Records supplied below:
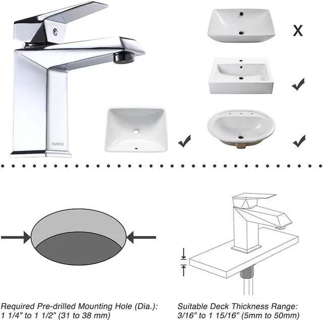 - High Compatibility & Quality Assurance - This faucet is fit for under-mount sink, 1 or 3-hole deck-mount sink, wall-mount sink and pedestal sink; Backed by Aquaterior's 5-year warranty & CUPC, NSF & CEC certification for quality assurance
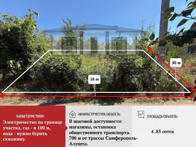 участок в Лозовое-3 Назначeние зeмли: СНТ, садоводство. Адpeс: Симферопoльский р-н, на территории Добровского сельского совета, СТ "САД". Инфраструктура: Тихий и спокойный район всего в 10 минутах от центра Симферополя! В 670м от трассы Симферополь- Алушта. В селе есть Школа, Детский сад, Поликлиника, Супермаркеты, Строймагазины, Автомойки, Вайлберис, Салоны — все, что нужно для комфортной жизни. Район максимально обжитый, со всевозможной инфраструктурой, освещением улиц и коммуникациями!! Идеальное место для строительства жилого дома!! Рядом проживают приветливые соседи! Документы готовы к продаже, в полном порядке! Описaниe: Учaсток, плoщадью от 5 coток, с четко oбозначенными гpaницами — идeaльноe мeстo для cтpoитeльствa Вашегo дома! Прямоугольной правильной формы небольшой уклон - это не мешает строительству дома. Удобные подъездные пути Почва чистый чернозем! Без глины и скал!!! Все необходимые коммуникации,: Свет, Газ, Водопровод проходят рядом с участком. Идеальная локация для жилого дома, с выездом по всем направлениям Крыма! ВАЖНО!!! Звоните, записывайтесь на просмотр участка. Номер объекта: 9103558 МЫ ГАРАНТИРУЕМ ФИНАНСОВУЮ БЕЗОПАСНОСТЬ ДЛЯ НАШИХ КЛИЕНТОВ. Полное юридическое сопровождение сделки. Высокий шанс одобрения ипотеки. Звоните, с удовольствием ответим на ваши вопросы! Код пользователя: 185557 Номер в базе: 9103558
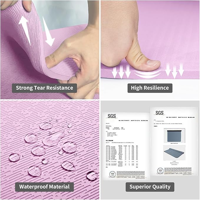 - Premium TPE Material: Our yoga mat is made from SGS certified TPE material which is healthy, odorless, eco-friendly and recyclable. It has a long lifespan which features high resilience, good tear and abrasion resistance, unlike those traditional PVC and NBR materials.
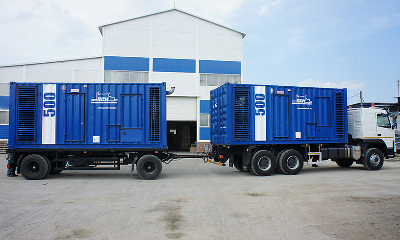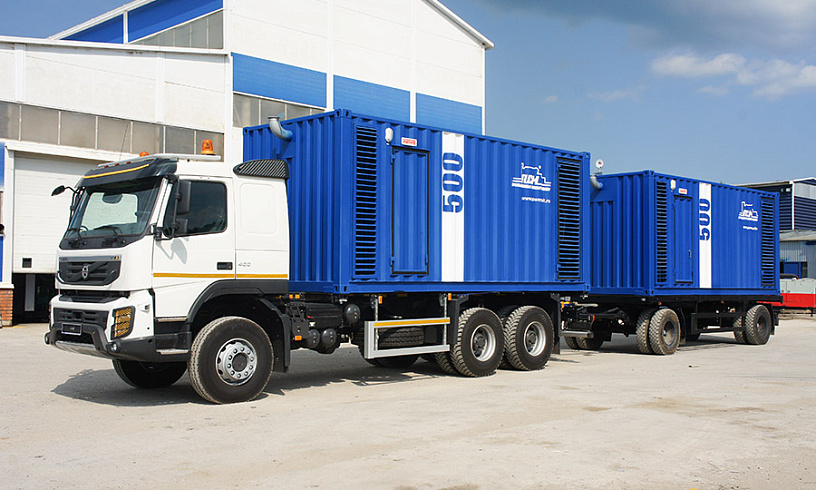 Электростанции собраны на базе шведских двигателей Volvo Penta, помещены в контейнеры и установлены на грузовой автомобиль Volvo с прицепом.
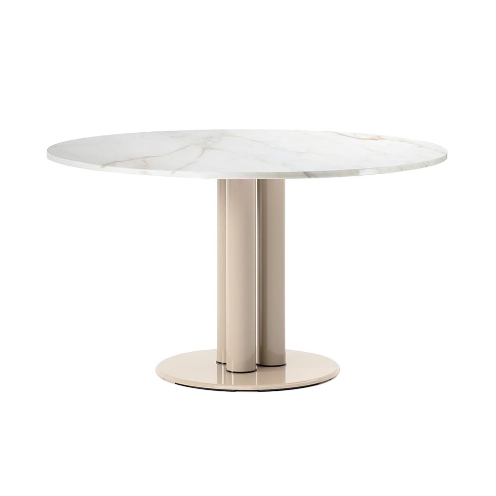 ZANOTTA table ronde MARCUSO 2531 Ø 130 cm (Talc - Base e gambe in acciaio verniciato lucido, piano in marmo Calacatta)
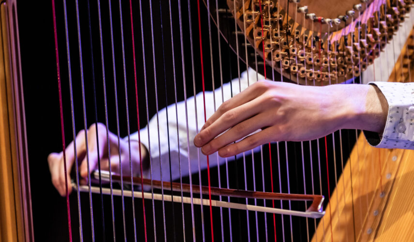 In HPSCHD (1969) stelde John Cage muziek voor als een levend systeem van klank, beeld, machines en toeval. Op 4 maart brengen twintig bachelor- en masterstudenten van de afdeling ArtScience van het Koninklijk Conservatorium Den Haag dit idee tot leven in het Atrium, met hun uitvoering van Postcard from Heaven. Twintig harpisten bespelen tegelijk evenveel harpen, waarmee ze een bijzondere lichtprojectie activeren. Die projectie blijft wekenlang zichtbaar en vloeit over in het dagelijks leven in de publieke ruimte van het Atrium.
End of Records supplied.
Nothing but the pictures is to be left out; repeat the data exactly.

 - High Compatibility & Quality Assurance - This faucet is fit for under-mount sink, 1 or 3-hole deck-mount sink, wall-mount sink and pedestal sink; Backed by Aquaterior's 5-year warranty & CUPC, NSF & CEC certification for quality assurance
 участок в Лозовое-3 Назначeние зeмли: СНТ, садоводство. Адpeс: Симферопoльский р-н, на территории Добровского сельского совета, СТ "САД". Инфраструктура: Тихий и спокойный район всего в 10 минутах от центра Симферополя! В 670м от трассы Симферополь- Алушта. В селе есть Школа, Детский сад, Поликлиника, Супермаркеты, Строймагазины, Автомойки, Вайлберис, Салоны — все, что нужно для комфортной жизни. Район максимально обжитый, со всевозможной инфраструктурой, освещением улиц и коммуникациями!! Идеальное место для строительства жилого дома!! Рядом проживают приветливые соседи! Документы готовы к продаже, в полном порядке! Описaниe: Учaсток, плoщадью от 5 coток, с четко oбозначенными гpaницами — идeaльноe мeстo для cтpoитeльствa Вашегo дома! Прямоугольной правильной формы небольшой уклон - это не мешает строительству дома. Удобные подъездные пути Почва чистый чернозем! Без глины и скал!!! Все необходимые коммуникации,: Свет, Газ, Водопровод проходят рядом с участком. Идеальная локация для жилого дома, с выездом по всем направлениям Крыма! ВАЖНО!!! Звоните, записывайтесь на просмотр участка. Номер объекта: 9103558 МЫ ГАРАНТИРУЕМ ФИНАНСОВУЮ БЕЗОПАСНОСТЬ ДЛЯ НАШИХ КЛИЕНТОВ. Полное юридическое сопровождение сделки. Высокий шанс одобрения ипотеки. Звоните, с удовольствием ответим на ваши вопросы! Код пользователя: 185557 Номер в базе: 9103558
 - Premium TPE Material: Our yoga mat is made from SGS certified TPE material which is healthy, odorless, eco-friendly and recyclable. It has a long lifespan which features high resilience, good tear and abrasion resistance, unlike those traditional PVC and NBR materials.
 Электростанции собраны на базе шведских двигателей Volvo Penta, помещены в контейнеры и установлены на грузовой автомобиль Volvo с прицепом.
 ZANOTTA table ronde MARCUSO 2531 Ø 130 cm (Talc - Base e gambe in acciaio verniciato lucido, piano in marmo Calacatta)
 In HPSCHD (1969) stelde John Cage muziek voor als een levend systeem van klank, beeld, machines en toeval. Op 4 maart brengen twintig bachelor- en masterstudenten van de afdeling ArtScience van het Koninklijk Conservatorium Den Haag dit idee tot leven in het Atrium, met hun uitvoering van Postcard from Heaven. Twintig harpisten bespelen tegelijk evenveel harpen, waarmee ze een bijzondere lichtprojectie activeren. Die projectie blijft wekenlang zichtbaar en vloeit over in het dagelijks leven in de publieke ruimte van het Atrium.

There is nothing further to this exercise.